The Tolerance Concentration for Interfering Matrix Species during Detection of [0.2 Ppm] Fe(III) Ions Using the 3-fsa-MSNT and 5-fsa-MSNT Sensors

		tolerance limit for foreign ions (ppm)
sensor	specific pH	Fe2+	Mg2+	Ca2+	Ba2+	Co2+	Ni2+	Zn2+	Cu2+	Pb2+	Hg2+	Cd2+	Cl–	NO3–	SO42–
3-fsa-MSNTs	4	10	500	500	500	20	20	20	5a	50	50	50	500	500	100
5-fsa-MSNTs	2	10	500	500	500	20	20	20	10a	50	50	50	500	500	100

Ion-sensing system with addition of masking agent of 0.1 M sodium citrate.

Recycling of the 3-fsa-MSNT and 5-fsa-MSNT Sensors

The reusability of the 3-fsa-MSNT and 5-fsa-MSNT sensors after sensing the Fe(III) has been tested. Many substances have been tested to be the best eluents, but EDTA was found as a perfect recycling reagent. This could be because of its great capacity to remove metal ions from complexes.[49] The used 3-fsa-MSNT and 5-fsa-MSNT sensors can recover their functionality after stirring them with 0.1 M EDTA for 1 h. The recycled 3-fsa-MSNT and 5-fsa-MSNT sensors were exposed again to a solution of Fe(III) ions. This procedure was repeated eight times. The 3-fsa-MSNT and 5-fsa-MSNT sensors’ sensing efficiency was estimated from the equation (A/Ao)% during the detection of the Fe(III) ions in each recycle, where A is the absorbance of 3-fsa-MSNT and 5-fsa-MSNT sensors after reusability and Ao is the initial absorbance. The findings (Figure S5) showed that the 3-fsa-MSNT and 5-fsa-MSNT sensors kept their efficiency (90%) even after eight-time recycling.

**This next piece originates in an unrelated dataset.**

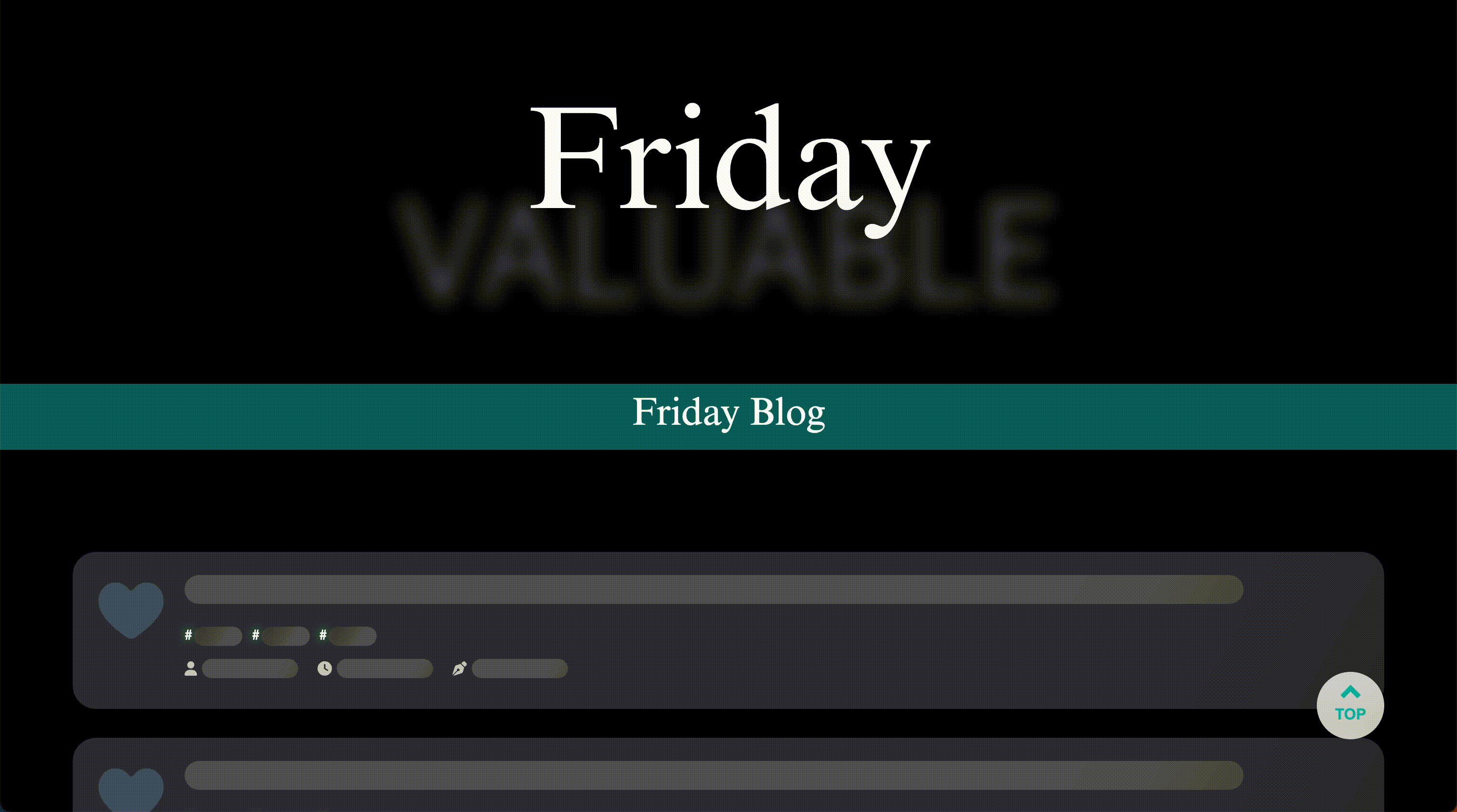 Friday 웹사이트에는 블로그 목록에 뼈대를 활용하였는데, CSS의 mask와 animation을 활용해 애니메이션을 구현하였다.

Determination of the Fe(III) Ions in the Real Sample

As the 3-fsa-MSNT and 5-fsa-MSNT sensors have high selectivity and sensitivity, they were checked to determine the Fe(III) ions in the real samples (tap water, river water, seawater, and pharmaceutical sample). The spectrophotometric and fluorometric methods were selected to determine the Fe(III) ions in all samples as they were more sensitive. All the results of the determination by the 3-fsa-MSNT and 5-fsa-MSNT sensors were compared with those obtained using the ICP-OES technique. Table shows that the recoveries of the Fe(III) ions were between 83 and 116%. The spiked Fe(III) ions can be recovered with high precision from these samples, although the real samples are complex and contain components that can be a conflict with calculations. This indicates that the proposed method can be used for the determination of the Fe(III) ions with high selectivity and sensitivity in the real samples.

Conclusions

In this work, novel chemical sensors based on mesoporous silica nanotubes have been used to detect Fe(III) ions in aqueous media. The Fe(III) ions were determined with remarkable sensitivity by the 3-fsa-MSNT and 5-fsa-MSNT sensors that result. The time it took to reach a reliable signal was minimal (less than 15 s). The color of the resultant 3-fsa-MSNT and 5-fsa-MSNT sensors changed after meeting a very low concentration of Fe(III) ions. Color changes can be seen by the naked eye and tracked with a smartphone or fluorometric or spectrophotometric techniques. The suggested methods were validated in terms of LOD, LOQ, linearity, and precision according to ICH guidelines. The lowest limit of detection obtained from the spectrophotometric technique was 18 ppb for Fe(III) ions. In addition, the results showed that the two sensors can be used eight times after recycling using 0.1 M EDTA as eluent with high efficiency (90%). As a result, the two sensors were successfully used to determine Fe(III) in a variety of real samples (tap water, river water, seawater, and pharmaceutical samples) with great sensitivity and selectivity.